Let $a, b, x$ be positive intergers such that $a \ge b$ and $a > x$.
Is it possible to express $$\left \lfloor \frac{a-b}{x} \right \rfloor $$ in terms of $\left \lfloor \frac{a}{x} \right \rfloor$ or a range to which it belongs?

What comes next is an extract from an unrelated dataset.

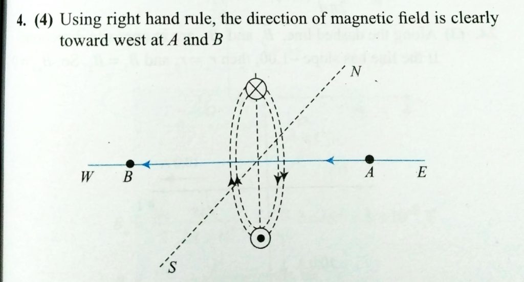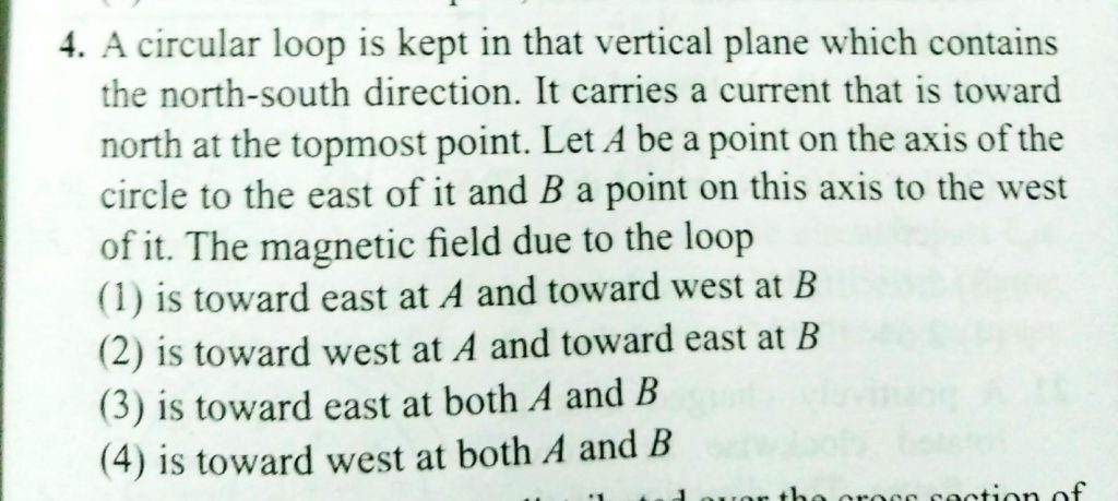 A circular loop is kept in that vertical plane which contains the north- south direction. It carries a current that is towards north at the topmost point. Let A be a point on the axis of the circle to the east of it and B a point on this axis to the west of it. The magnetic field due to the loop.

If $r$ is the remainder in the divison of $a$ by $x$, we have $\frac{a-r}{x} \in \mathbb{Z}$ and $ \frac{a-r}{x} = \left \lfloor \frac{a}{x} \right \rfloor$ so $$\left \lfloor \frac{a-b}{x} \right \rfloor = \left \lfloor \frac{a-r + r - b}{x} \right \rfloor = \frac{a-r}{x} + \left \lfloor \frac{r-b}{x} \right \rfloor = \left \lfloor \frac{a}{x} \right \rfloor + \left \lfloor \frac{r-b}{x} \right \rfloor .$$
I believe that my question is equivalent to determine all possible values of $\left \lfloor \frac{r-b}{x} \right \rfloor$, but I do not know if that is possible..
Given your conditions, $\lfloor \frac{a-b}{x}\rfloor$ can be any value between $0$ (when $b=a$) and $\lfloor\frac ax\rfloor$ (when $b=0$), and that's about all you can say with the restrictions you gave.